What I think will happen this time around (and is quite possibly already priced into markets), is that the Fed will not act forcefully to reign in inflation. Unlike the 70s, the Fed simply has no reason to - in fact, it has every reason to let the genie out of the bottle and wish our debt away into a distant memory. To put this into my trampoline-speak from earlier this year, instead of getting off the trampoline and doing a proper inspection of the device, the Fed will opt for us to jump as high as we possibly can, hoping that this air-time will be enough to fix any problems they may find in the integrity of the trampoline, and also hoping that such a leap will not itself permanently damage the trampoline. Not too reassuring, but it is not like the public would care that much - all they want is for the party to begin anew, and to feel that rush from the upward surge into the air (just don't look down).
The result is that people like myself, looking at the depressing, horrifying spectacle of the grasshopper struggling in the winter, may be over-reacting in the marketplace. It's quite possible that shorts in this environment may get their rear ends handed to them as they correctly predict a 'new normal', except that nominally speaking, this 'new normal' may be accompanied by wage and asset inflation masking the effects. Winners in such a scenario would be holders of base commodities and non-dollar denominated assets (as the dollar gets decimated in the international currency markets due to this permissive debasement scenario from the Fed), and anyone who was mildly to strongly bullish on the US economy (nominally speaking). Losers would be anyone nominally shorting the market, as I have done recently to a small degree.

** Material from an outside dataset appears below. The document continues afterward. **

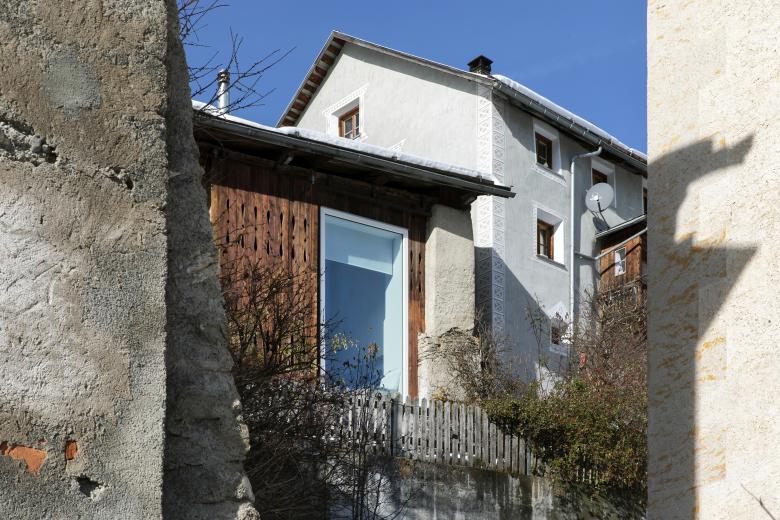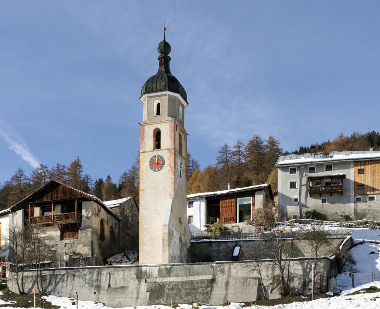 Der gegenüberliegende freistehende Kirchturm San Jon da Tschlin prägt mit seiner Präsenz vor dem Gebäude den Ort und den Aussenraum.

I'm not sure if I am simply relating common sense, or something more contrarian to common knowlegde, or if I am completely mistaken in my logic and reasoning. I had the urge to at least attempt to solidify a possible scenario that is contrary to the bearish views that I have come to accept, one reason being that the markets are indeed brushing away all bad news for seemingly no good reason. It could be that the nominal rises are simply that - inflation may end up making the waters rise for everyone.